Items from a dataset

******************************

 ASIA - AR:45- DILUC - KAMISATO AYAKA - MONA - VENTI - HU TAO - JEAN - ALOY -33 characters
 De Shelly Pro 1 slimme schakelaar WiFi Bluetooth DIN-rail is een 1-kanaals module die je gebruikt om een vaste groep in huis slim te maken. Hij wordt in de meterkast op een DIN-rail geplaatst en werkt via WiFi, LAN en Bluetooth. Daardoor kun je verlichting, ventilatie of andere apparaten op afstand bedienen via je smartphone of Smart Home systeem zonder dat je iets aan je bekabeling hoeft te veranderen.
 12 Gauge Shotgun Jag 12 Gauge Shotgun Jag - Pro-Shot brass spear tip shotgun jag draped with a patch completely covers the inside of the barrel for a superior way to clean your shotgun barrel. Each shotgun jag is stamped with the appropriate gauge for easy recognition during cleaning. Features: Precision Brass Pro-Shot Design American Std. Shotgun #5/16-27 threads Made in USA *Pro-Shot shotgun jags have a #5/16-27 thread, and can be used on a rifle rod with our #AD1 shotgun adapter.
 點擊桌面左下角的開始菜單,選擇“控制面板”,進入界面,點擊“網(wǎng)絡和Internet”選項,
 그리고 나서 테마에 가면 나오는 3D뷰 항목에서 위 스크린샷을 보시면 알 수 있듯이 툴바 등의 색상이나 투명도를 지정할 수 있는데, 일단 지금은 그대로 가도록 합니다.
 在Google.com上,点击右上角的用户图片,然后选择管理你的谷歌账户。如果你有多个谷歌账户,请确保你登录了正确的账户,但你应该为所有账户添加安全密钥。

******************************

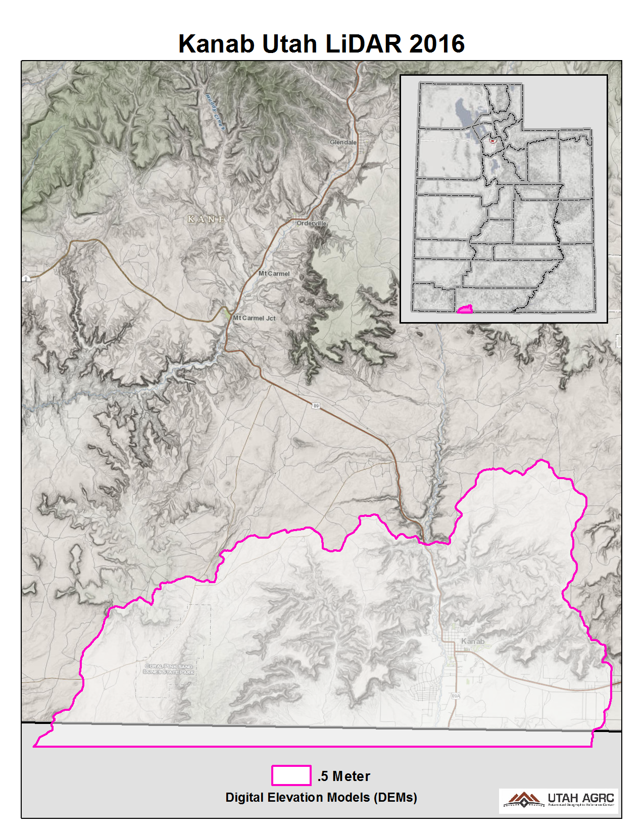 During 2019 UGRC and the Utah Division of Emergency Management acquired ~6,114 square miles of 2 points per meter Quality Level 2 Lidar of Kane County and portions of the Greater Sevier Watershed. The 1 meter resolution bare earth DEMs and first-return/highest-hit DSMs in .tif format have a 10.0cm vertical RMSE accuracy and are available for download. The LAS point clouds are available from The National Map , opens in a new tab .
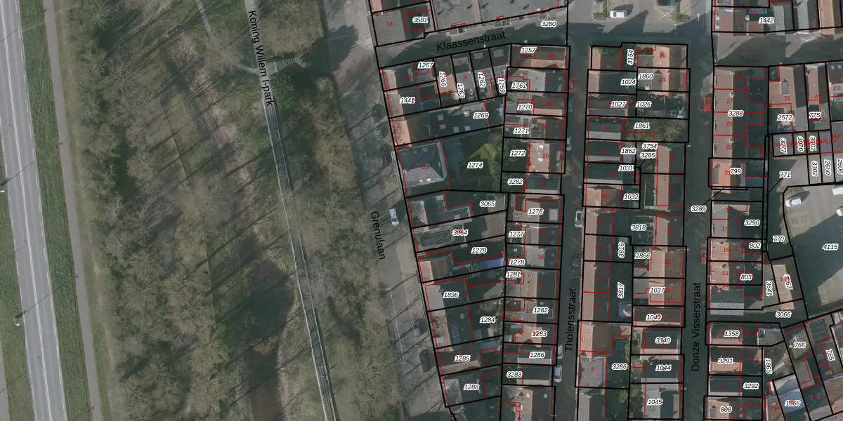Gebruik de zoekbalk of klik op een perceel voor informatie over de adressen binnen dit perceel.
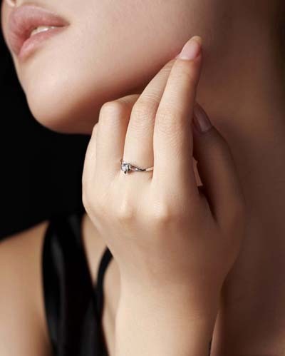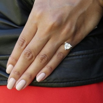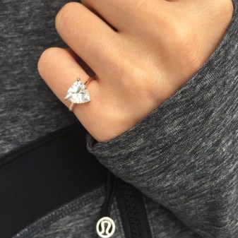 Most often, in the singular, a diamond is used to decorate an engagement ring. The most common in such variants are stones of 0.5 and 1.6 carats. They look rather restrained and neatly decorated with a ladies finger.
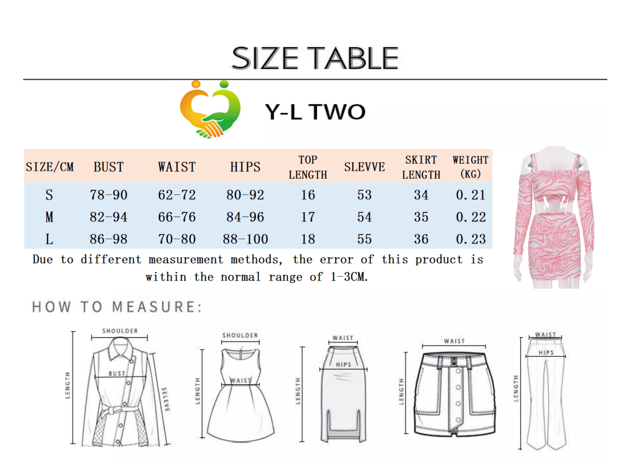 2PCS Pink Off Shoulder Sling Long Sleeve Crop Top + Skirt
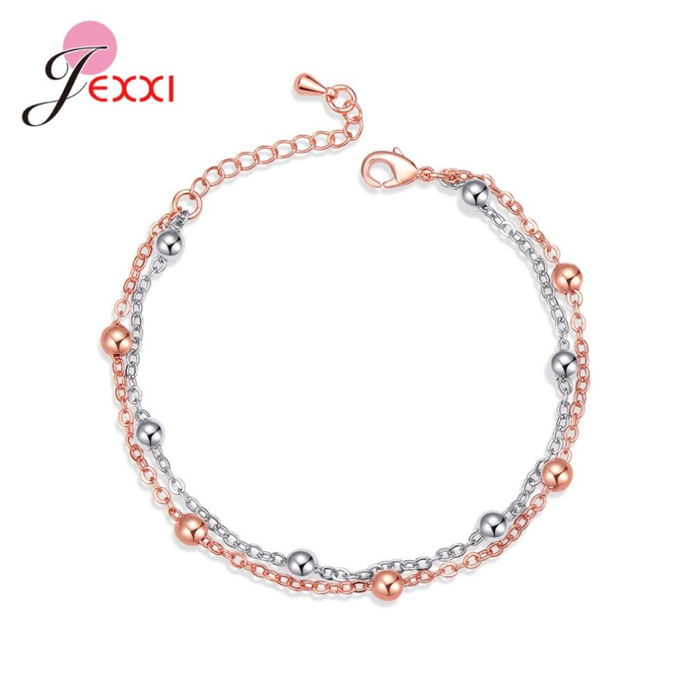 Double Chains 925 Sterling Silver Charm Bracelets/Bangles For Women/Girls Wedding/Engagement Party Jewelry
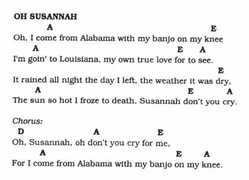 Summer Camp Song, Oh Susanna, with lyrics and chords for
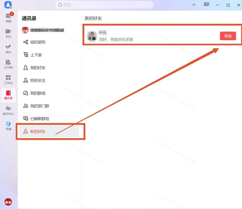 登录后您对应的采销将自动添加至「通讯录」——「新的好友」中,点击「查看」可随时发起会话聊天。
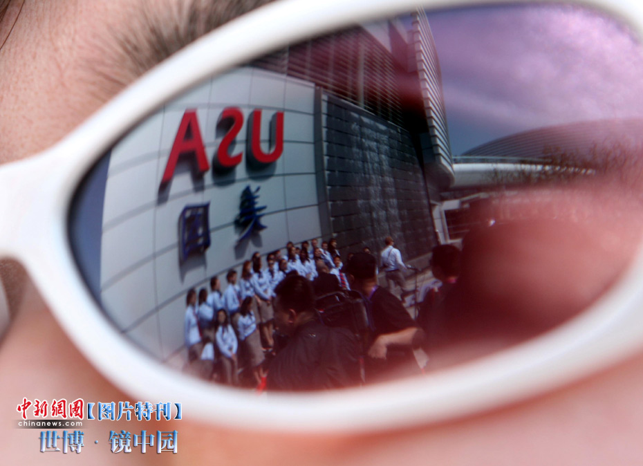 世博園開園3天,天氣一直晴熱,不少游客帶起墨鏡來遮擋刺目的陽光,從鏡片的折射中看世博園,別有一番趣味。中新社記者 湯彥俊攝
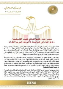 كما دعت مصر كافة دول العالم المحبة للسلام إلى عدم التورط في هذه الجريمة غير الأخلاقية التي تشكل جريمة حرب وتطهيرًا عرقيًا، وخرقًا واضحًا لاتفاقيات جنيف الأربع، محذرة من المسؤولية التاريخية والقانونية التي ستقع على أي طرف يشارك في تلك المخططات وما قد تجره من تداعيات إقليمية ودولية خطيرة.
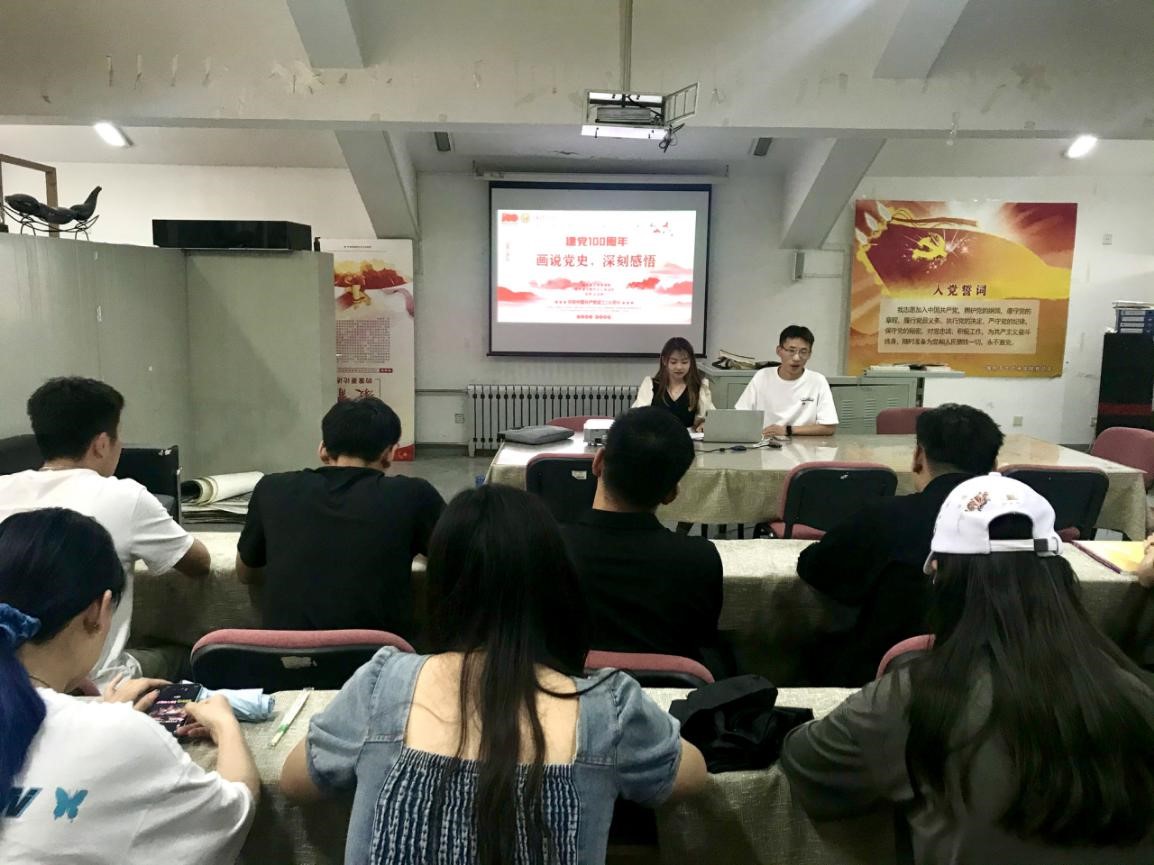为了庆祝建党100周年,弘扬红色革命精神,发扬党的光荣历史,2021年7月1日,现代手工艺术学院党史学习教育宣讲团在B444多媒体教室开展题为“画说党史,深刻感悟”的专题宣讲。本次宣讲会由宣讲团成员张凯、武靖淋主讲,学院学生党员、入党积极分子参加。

******************************

» **TASK BRIEF**
Go to the line with "ASIA - AR:45- DILUC" in the entries above and repeat every line from there through the line with "De Shelly Pro", exactly and with no other text.

» **RESULT OF THIS TASK**
 ASIA - AR:45- DILUC - KAMISATO AYAKA - MONA - VENTI - HU TAO - JEAN - ALOY -33 characters
 De Shelly Pro 1 slimme schakelaar WiFi Bluetooth DIN-rail is een 1-kanaals module die je gebruikt om een vaste groep in huis slim te maken. Hij wordt in de meterkast op een DIN-rail geplaatst en werkt via WiFi, LAN en Bluetooth. Daardoor kun je verlichting, ventilatie of andere apparaten op afstand bedienen via je smartphone of Smart Home systeem zonder dat je iets aan je bekabeling hoeft te veranderen.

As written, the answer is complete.